*** Opening Exercise inputs ***
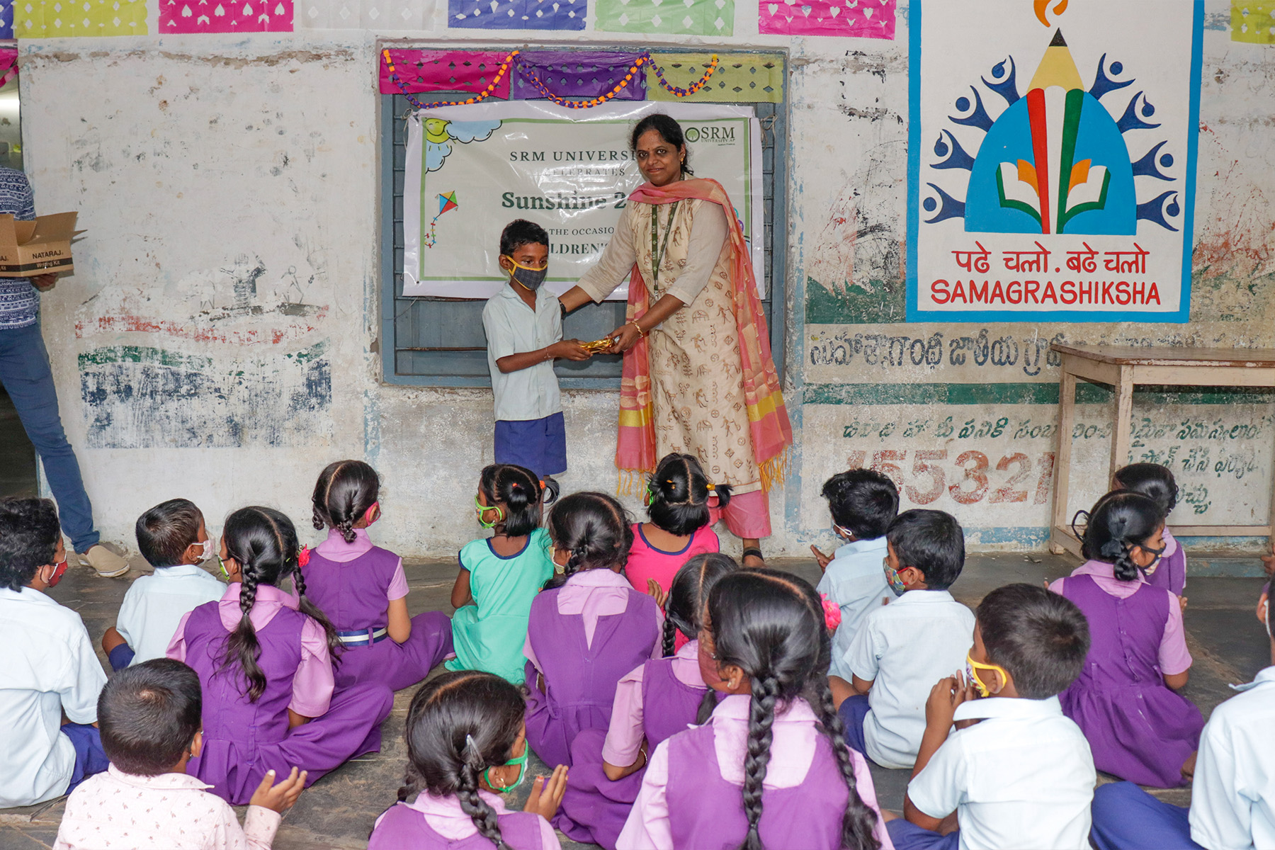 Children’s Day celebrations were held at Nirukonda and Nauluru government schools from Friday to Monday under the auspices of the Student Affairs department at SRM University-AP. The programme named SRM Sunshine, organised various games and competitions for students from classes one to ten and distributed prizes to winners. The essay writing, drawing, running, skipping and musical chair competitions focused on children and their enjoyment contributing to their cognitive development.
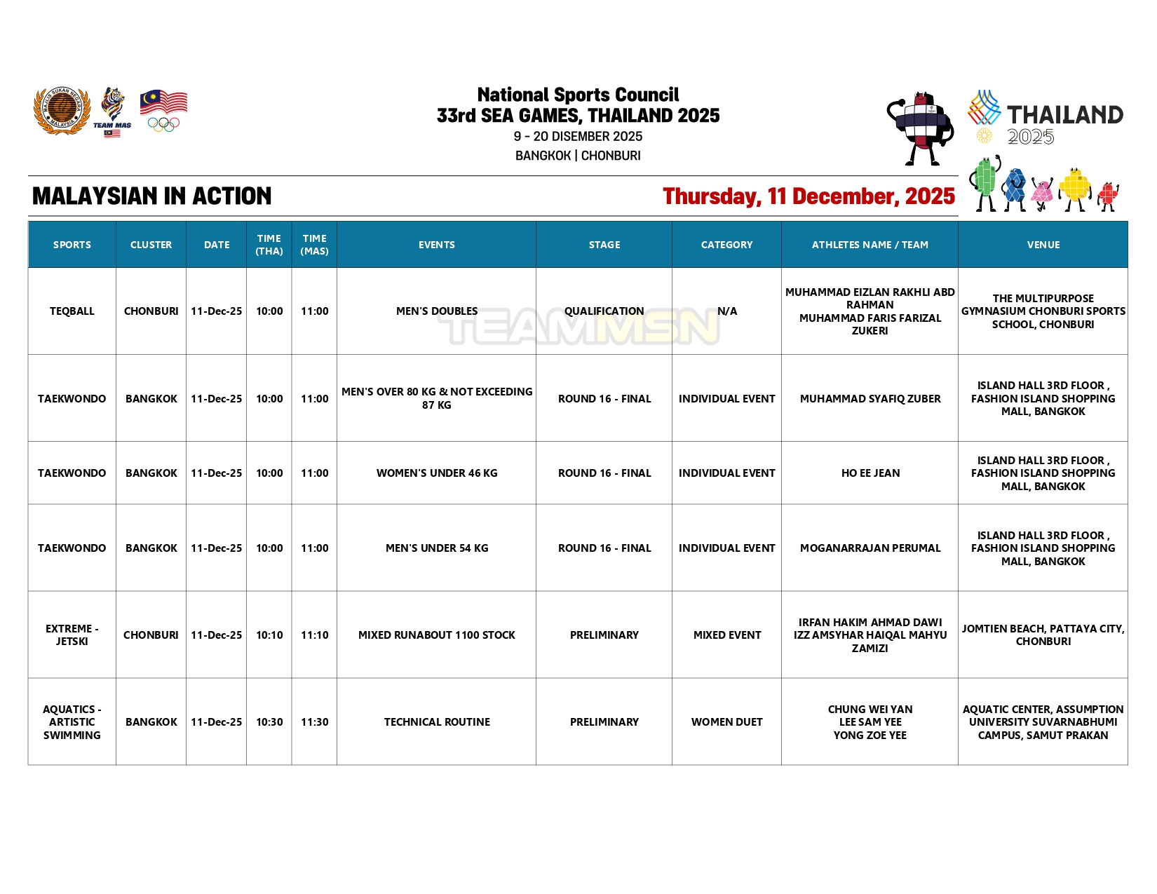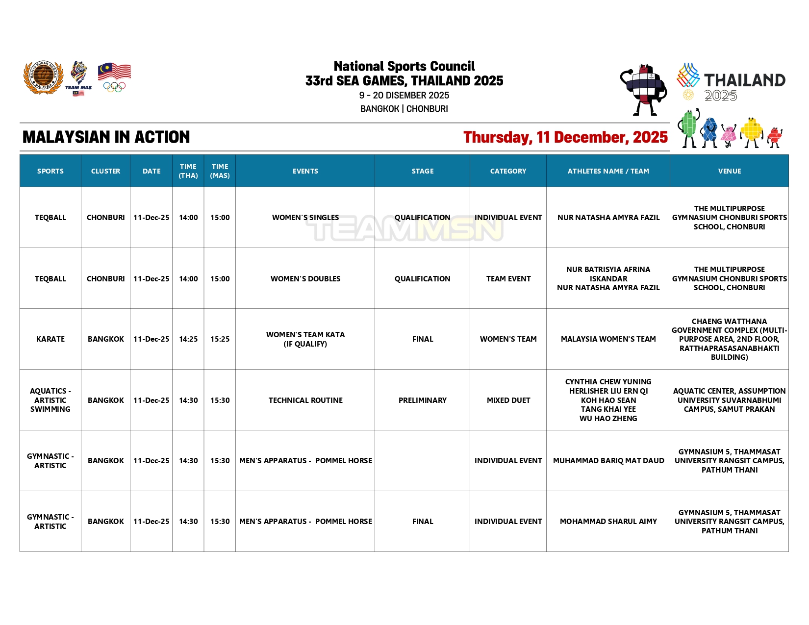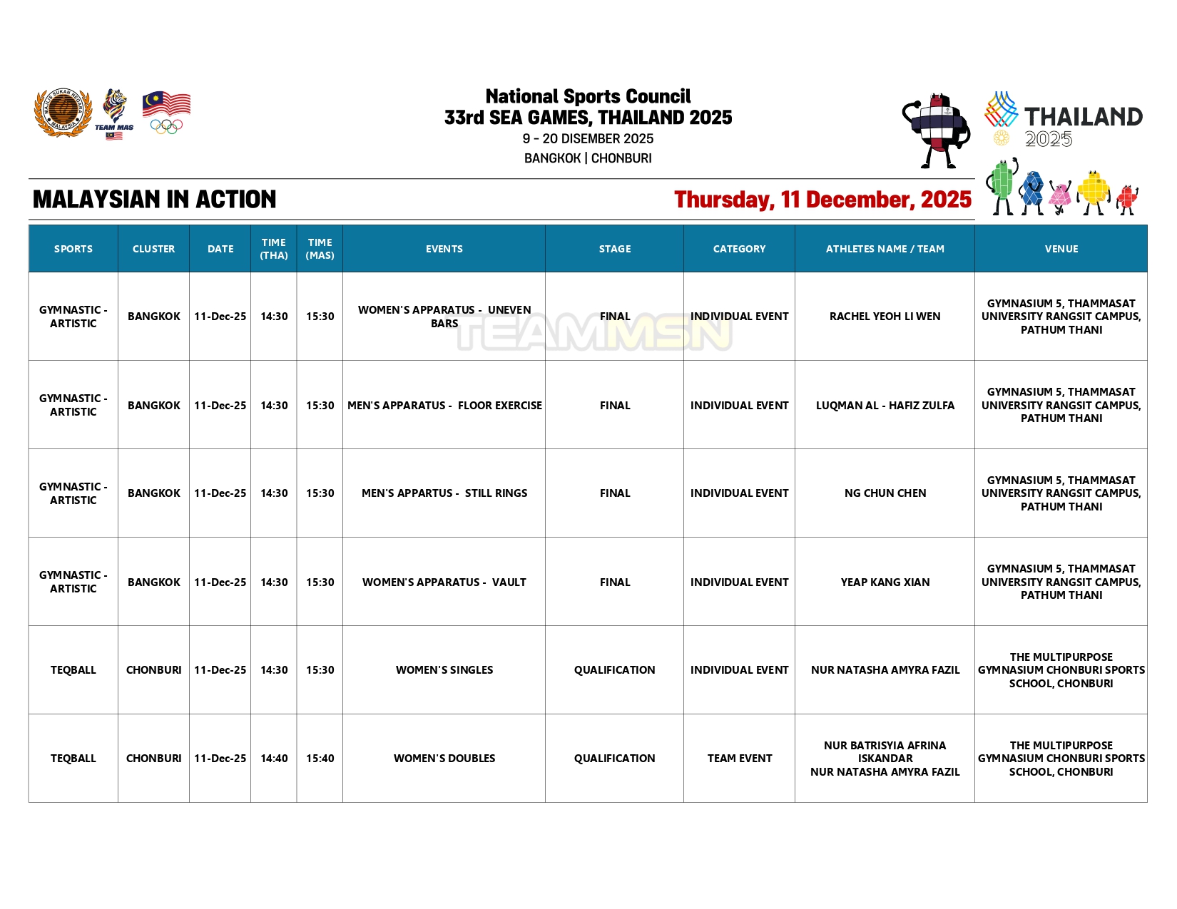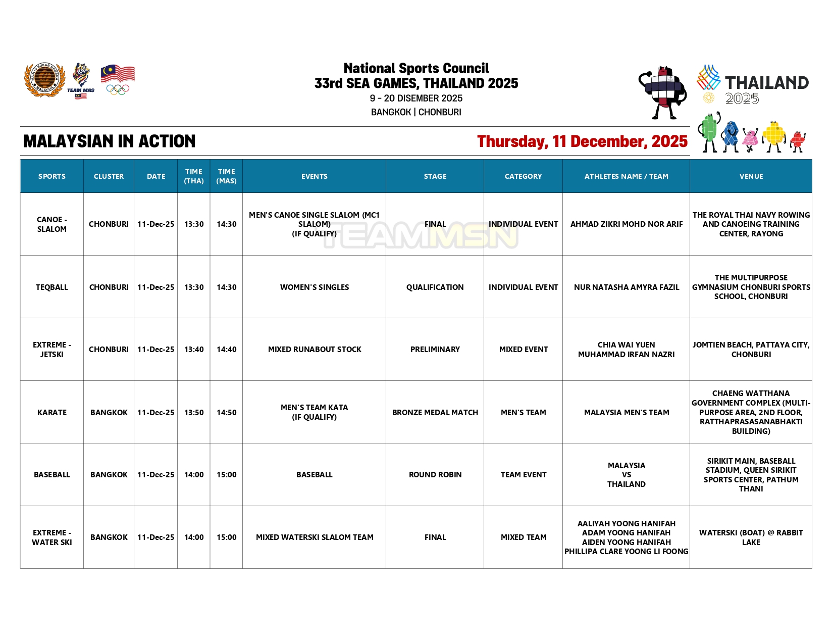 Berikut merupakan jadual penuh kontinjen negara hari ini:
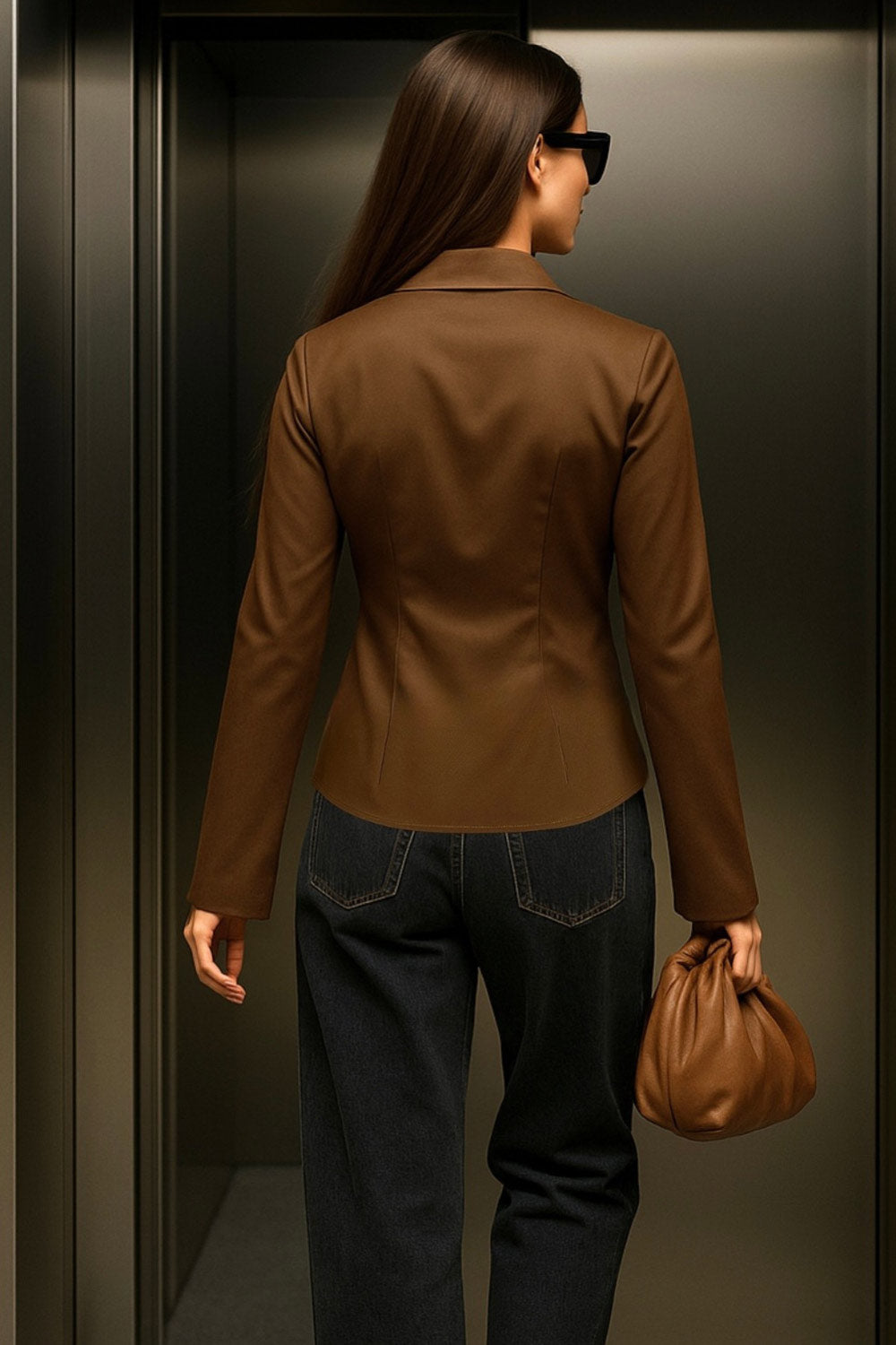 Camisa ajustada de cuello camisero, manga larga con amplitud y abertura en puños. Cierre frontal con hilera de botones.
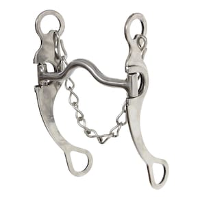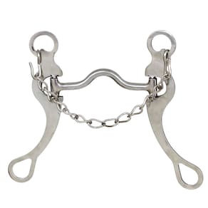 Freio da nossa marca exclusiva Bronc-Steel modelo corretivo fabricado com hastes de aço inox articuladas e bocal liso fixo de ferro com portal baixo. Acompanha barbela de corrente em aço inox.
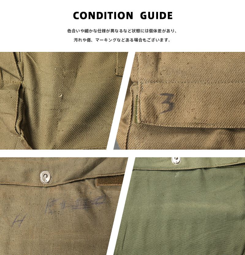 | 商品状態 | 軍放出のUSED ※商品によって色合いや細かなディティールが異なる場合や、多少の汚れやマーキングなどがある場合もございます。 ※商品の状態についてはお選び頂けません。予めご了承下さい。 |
*** Closing Exercise inputs ***
→ Task to carry out
The answer consists of the lines from the one holding "Freio da nossa" to the end of the records, inclusive, restated exactly and without pictures.

→ Exercise solution
 Freio da nossa marca exclusiva Bronc-Steel modelo corretivo fabricado com hastes de aço inox articuladas e bocal liso fixo de ferro com portal baixo. Acompanha barbela de corrente em aço inox.
 | 商品状態 | 軍放出のUSED ※商品によって色合いや細かなディティールが異なる場合や、多少の汚れやマーキングなどがある場合もございます。 ※商品の状態についてはお選び頂けません。予めご了承下さい。 |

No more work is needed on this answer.